My research addresses this issue explicitly, and I found no evidence of large-scale, mafia-esque organisations. The reason for this is likely the extremely dynamic condition of the Syrian war. While small operators are able to tap into networks of connections (finding drivers, recruiters, financiers, material suppliers, etc.), it does not appear that the type of organisations associated with trafficking have attempted to involve themselves in human smuggling.
Smugglers in Syria have all but stopped crossing the borders themselves now that they are so heavily patrolled. Instead they act as facilitators, bringing refugees within close proximity of the crossing and providing them with the means to complete the journey (i.e. inflatable dinghies for the crossing from Turkey to Greece, or directing migrants towards the camps at the Jordanian border and notifying the army that their clients are not combatants). In fact, despite the media attention paid to the sea crossings between North Africa and Italy, or Turkey and Greece – a crossing which weighs heavily on the minds of the refugees as well – it is likely that Syria’s intra-state boundaries are far more dangerous. Crossing from, for example, territories controlled by the Syrian Free Army into those of ISIS or those of the Assad regime requires intimate and up-to-date information reliant on a flexible network of local operators.

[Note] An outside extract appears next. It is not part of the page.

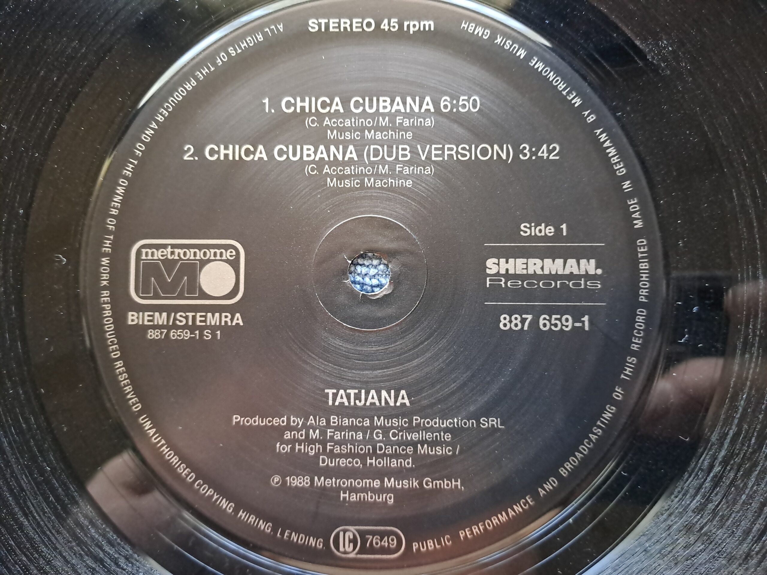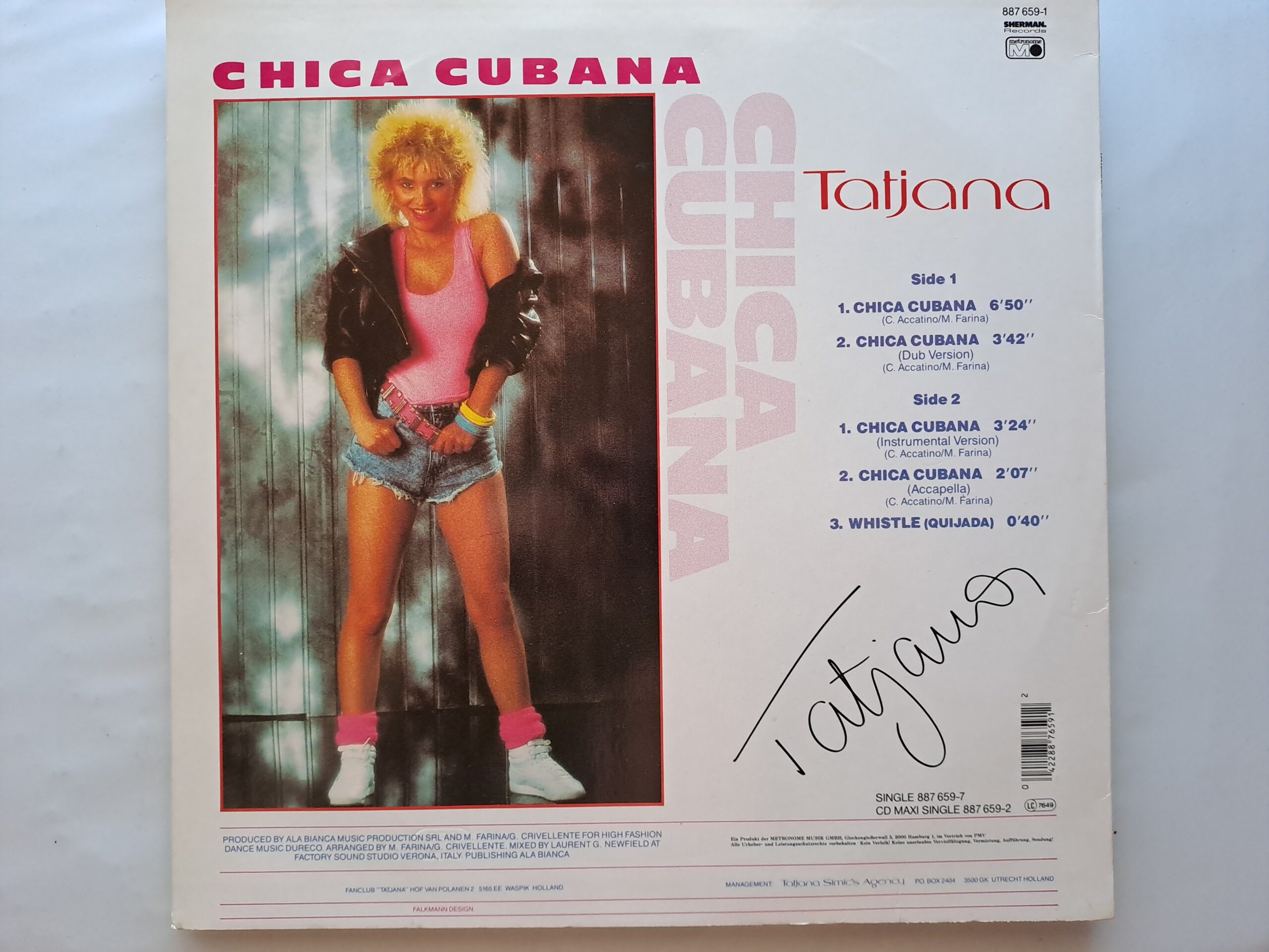 Tatjana – Chica Cubana (1988) Sherman. Records – 887 659-1 (Maxi) Trackliste Seite 1 1 Chica Cubana 6:50 2 Chica Cubana (Dub Version) 3:42 Seite 2 1 Chica Cubana (Instrumental Version) 3:24 2 Chica Cubana (A Cappella) 2:07 3 Whistle (Quijada) 0:40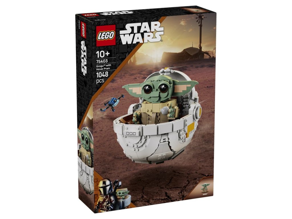 Děti si s touto stavebnicí LEGO® Star Wars™ postaví figurku oblíbené postavičky Grogua se vznášejícím se kočárkem (75403). Tento roztomilý dárek pro kluky, holky a fanoušky seriálu Star Wars: The Mandalorian™ od 10 let poslouží jako zábavná a hravá dekorace do pokoje. Grogu má paže ovládané otočným knoflíkem, pohyblivou hlavu a uši a může být vystaven v kočárku nebo mimo něj. Součástí je také sorganská žába z kostek (Groguova oblíbená svačinka!), hlavice řadicí páky a makronka, kterou Grogu může držet. Hlavní model této sběratelské stavebnice Star Wars doplňuje figurka LEGO Groga ve standardní velikosti v malém sestavitelném vznášejícím se kočárku a cedulka s informacemi, kterou můžete doplnit tento veselý výstavní kousek. Součástí stavebnice je podrobný návod na stavění a v aplikaci LEGO Builder najdete intuitivní digitální nástroje pro přibližování a otáčení 3D modelů, s nimiž bude celý zážitek ještě výjimečnější.

Ultimately, the current migration crisis is defined by instability and its adaptation to new circumstances, be they victories and defeats on the battle grounds of Syria; the influx of commodities such as rubber boats and life jackets; the policy decisions of international governments; or even the presence of operators as seemingly innocuous as volunteer workers (it is reasonable to speculate that the presence of NGOs on the northern shore of Lesvos shifted the entire operation of Turkish smugglers north to the ports of Behram/Assos). These radical shifts in politics and territory favour small, opportunistic operators over larger, better structured, and better defined criminal organisations.